WHEREAS, Section 7 of the CACI International Inc 2006 Stock Incentive Plan (the “Plan”) permits the Committee to make awards of Restricted Stock Units to key employees of the Company or any Subsidiary or Affiliate.

WHEREAS, the Grantee has been determined to be a key employee who is entitled to an Award under the Plan; and

WHEREAS, on                      (the “Grant Date”), the Committee awarded the Grantee              Restricted Stock Units in order to provide the Grantee with a direct proprietary interest in the Company and to provide the Grantee with an incentive to remain in the employ of the Company or a Subsidiary or Affiliate.

NOW, THEREFORE, the Company and the Grantee covenant and agree as follows:

 

1. DEFINITIONS.

Under this Agreement, except where the context otherwise indicates, the following definitions apply:

(a) “Account” means the bookkeeping account maintained for the Grantee pursuant to Section 2.

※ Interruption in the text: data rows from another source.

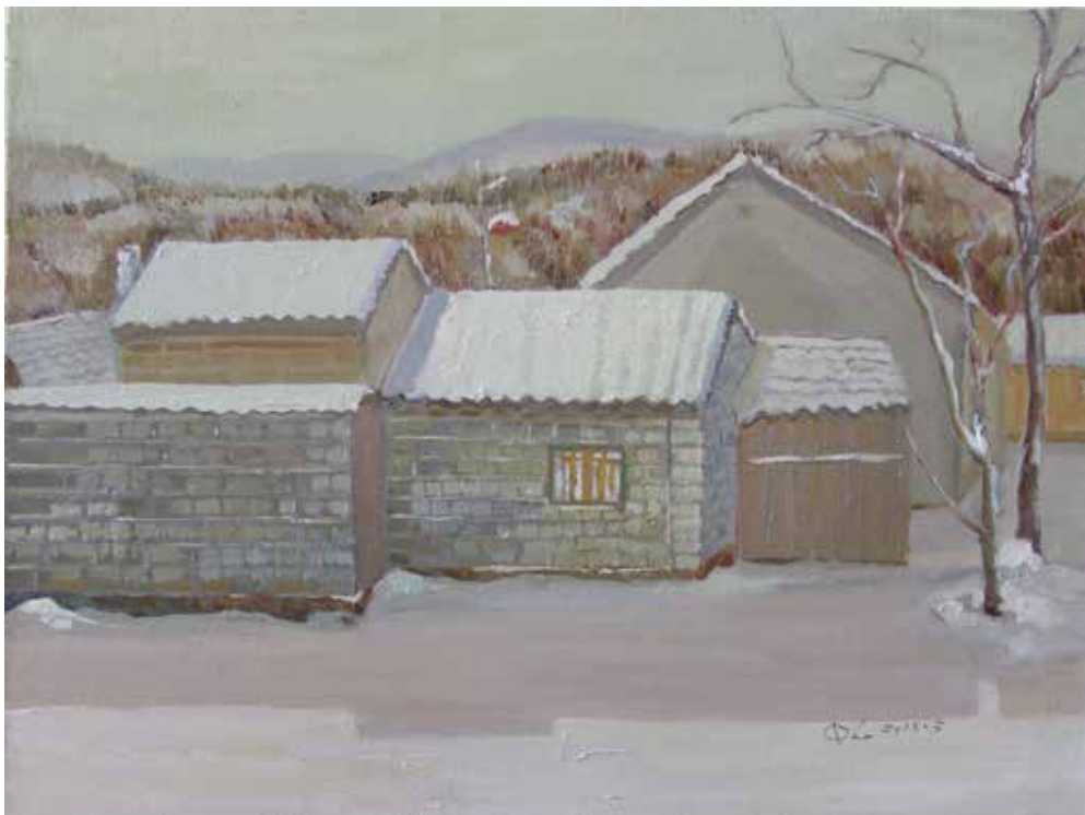
全玲《家园》油画 70cm×80cm 2013年

《家园》这幅作品在构成上舍弃了一些影响整体的细枝末节，加强了点、线、面的视觉转换，把繁琐的物象进行简化，不追求近大远小和立体的科学视觉原理，避免过多空间的介入。在画法上也多采用平涂法，充分利用物象平面化之后的厚度感觉构建出静穆的氛围。
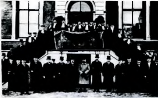
Prins Hendrik bij de opening van de Landbouwhogeschool op 9 maart 1918
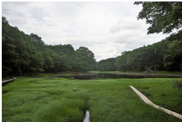
大沼：中央木橋から
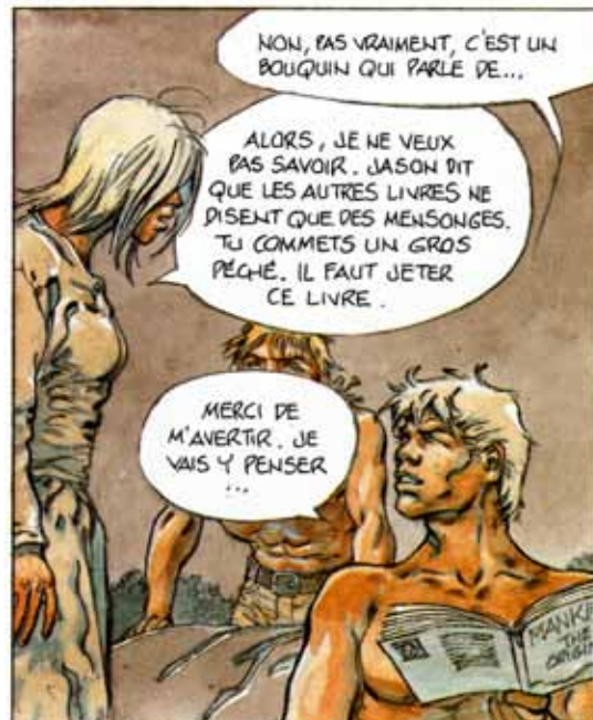
(Un port dans l'ombre)

(b) “Agreement” means this Restricted Stock Unit (RSU) Grant Agreement and shall include the applicable provisions of the Plan, which is hereby incorporated into and made a part of this Agreement.

(c) “Cause” means:

(1) gross negligence, willful misconduct or willful malfeasance by the Grantee in connection with the performance of any material duty for the Company or an Affiliate;

(2) the Grantee’s commission or participation in any violation of any legal requirement or obligation relating to the Company (unless the Grantee had a


reasonable good faith belief that the act, omission or failure to act in question was not a violation of such legal requirement or obligation) and such violation has materially and adversely affected the Company;

(3) the Grantee’s conviction of, or plea of guilty or nolo contendere, to a crime committed during the course of his/her employment with the Company that the Committee, acting in good faith, reasonably determines is likely to have a material adverse affect on the reputation or business of the Company or an Affiliate;

(4) theft, embezzlement or fraud by the Grantee in connection with the performance of his or her duties for the Company or an Affiliate;

(5) a violation of any confidentiality agreement or obligation or non-compete agreement with the Company or an Affiliate;

(6) a material violation of (i) the Company’s Standards of Conduct, as the same may be amended and in effect from time to time, or (ii) any other published Company policy; or

(7) the diversion or appropriation of any material business opportunity.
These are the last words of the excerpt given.